On Fri, May 25, 2012 at 12:02 PM, <bugzilla-daemon@freedesktop.org> wrote: > --- Comment #31 from Serge Gavrilov <serge@pdmi.ras.ru> 2012-05-25 03:02:49 PDT --- > Seems to be related with https://bugzilla.kernel.org/show_bug.cgi?id=37142 > > They claim there that tuxonice kernel does not suffer from corruption after > hibernate. Trying to check this... Imo red herring. If you swap out and the swap in at a different place, things can get corrupted. Maybe tuxonice tries harder to swap stuff back at the same place, but that does in no way fix the underlying bug.
Is there a way to help track and fix this bug ? I have been having it for years, on both Ubuntu and Arch Linux, with kernels from 2.6.32 to 3.6.9 at least and numerous X.org and xorg-video-intel versions. Test system is a Dell Latitude E4200 with GM45.
Created attachment 71911 [details] [review] Hack to keep tiled pages pinned This should prevent tiled buffers from being paged out whilst they are referenced by userspace.

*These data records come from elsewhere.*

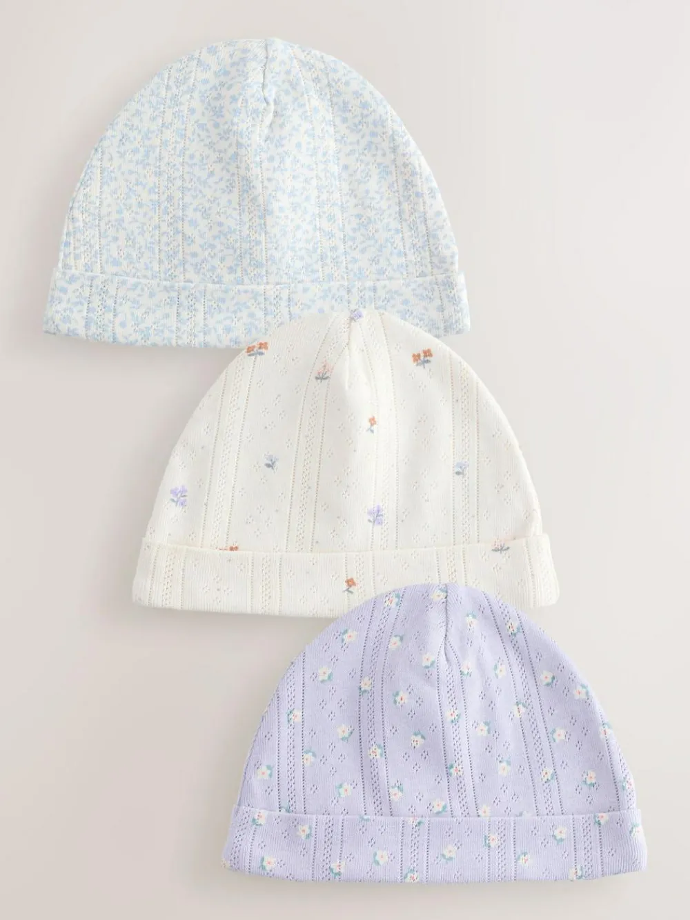Next Multi Pointelle Baby Beanies 3 Pack (0-18mths)^ Hats & Scratch Mitts|Newborn Accessories
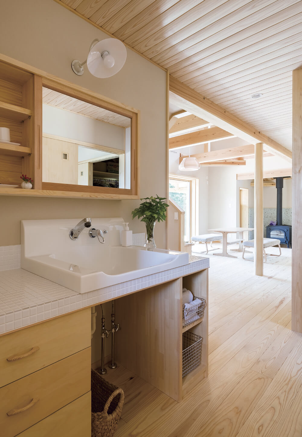 □ 左上 明るさを取るかスペースを取るかでずっと迷っていたという2階のフリースペースは、実は最近付け足したばかり。椅子をおいて大好きな読書のための空間にする予定。 □ 左下 きょうだいとも、自室よりもリビングで過ごすことが多いそう。 □ 右 鏡と扉を兼ねた棚をつけた、造作の洗面スペース。実験用シンクと迷った結果、水はねや使いやすさを考慮したものに。
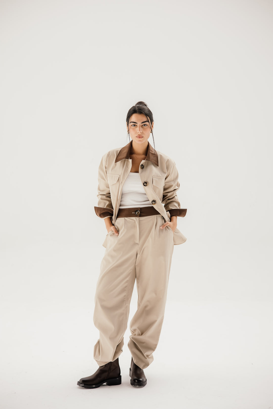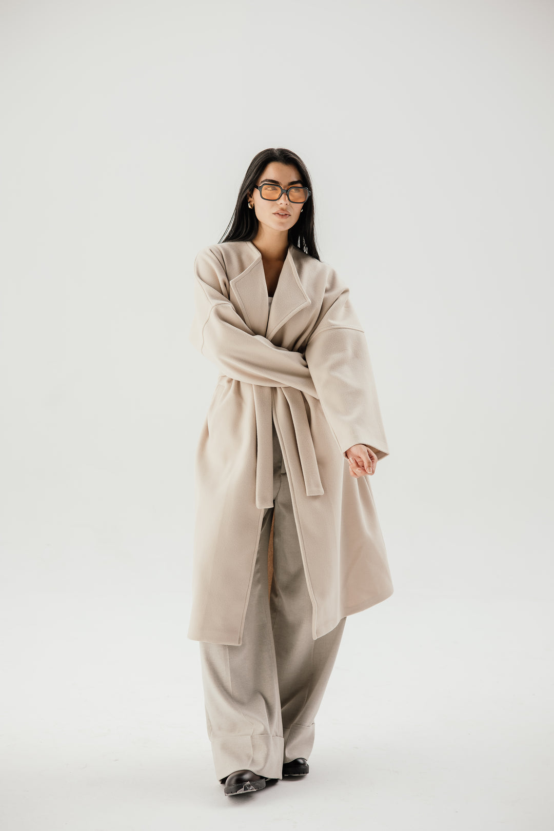 Belted collar coat- beige
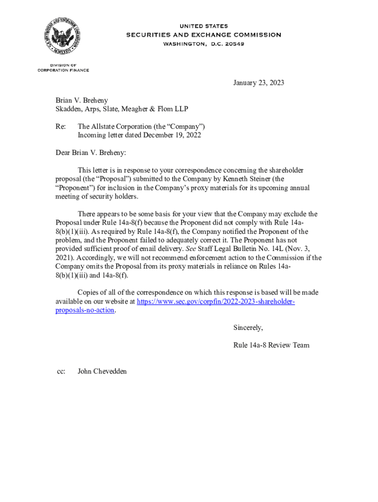 Incoming letter dated December 19, 2022Dear Brian V. Brewery:
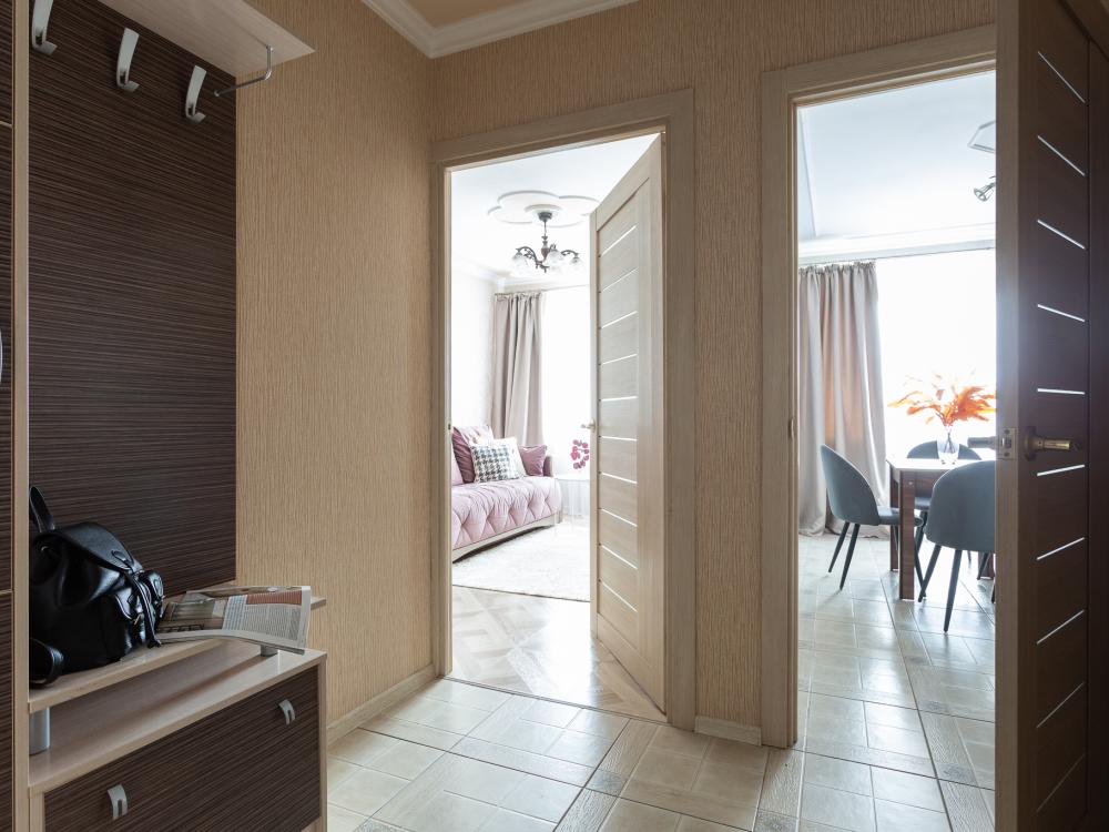 Квартира оснащена всем необходимым: 1 комфортабельной кроватьями 160х200. Заправлены чистым бельем из прачечной. 2 Раскладывающимся двухместными диванами. Каждому гостю по 2 полотенца: для душа, для рук и лица. В квартире набор столовых приборов и посуды на 6 персон. Площадь 2-комнатной квартиры 54,8 кв. м. Находится на 12/16 этаже. В квартире могут расположиться максимум 6 гостей. Окна балкона выходят как во двор так и на улицу. ЧТО РЯДОМ? В шаговой доступности находится самое необходимое - продуктовый супермаркет ""Макси"", Metro Cash & Carry, ТЦ ""Рио"", бассейн, бар ""Dober Lounge"", поликлиника, детская поликлиника, аптека, стоматология, АЗС, Вологодский промышленно-технологический техникум, остановки общественного транспорта."
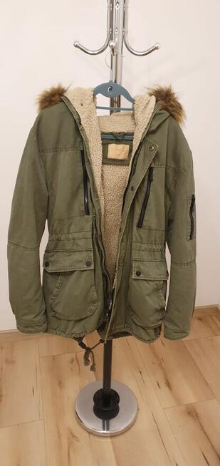 Witam, sprzedam ciepła kurtkę zimową, stan jak na zdjęciach, jedyna wada to brak suwaka w lewej kieszeni(jest zszyty).

Created attachment 71924 [details] [review] Hack to keep tiled pages pinned
Created attachment 71948 [details] kernel bug screen Hm, do I need some other patch/some updated driver ? I applied this patch to linux-3.7.1 (using Arch's testing linux-3.7.1-2 https://www.archlinux.org/packages/testing/x86_64/linux/) and the kernel died when X started (see attached picture for the (blurry) kernel backtrace). Test setup was running xorg-video-intel 2.20.16 and xorg-server 1.13.1
Created attachment 72183 [details] [review] Hack to keep tiled pages pinned Sorry about that bad patch, hopefully this one is less buggy.
(In reply to comment #37) > Created attachment 72183 [details] [review] [review] > Hack to keep tiled pages pinned > > Sorry about that bad patch, hopefully this one is less buggy. Guillame, please retest with this patch.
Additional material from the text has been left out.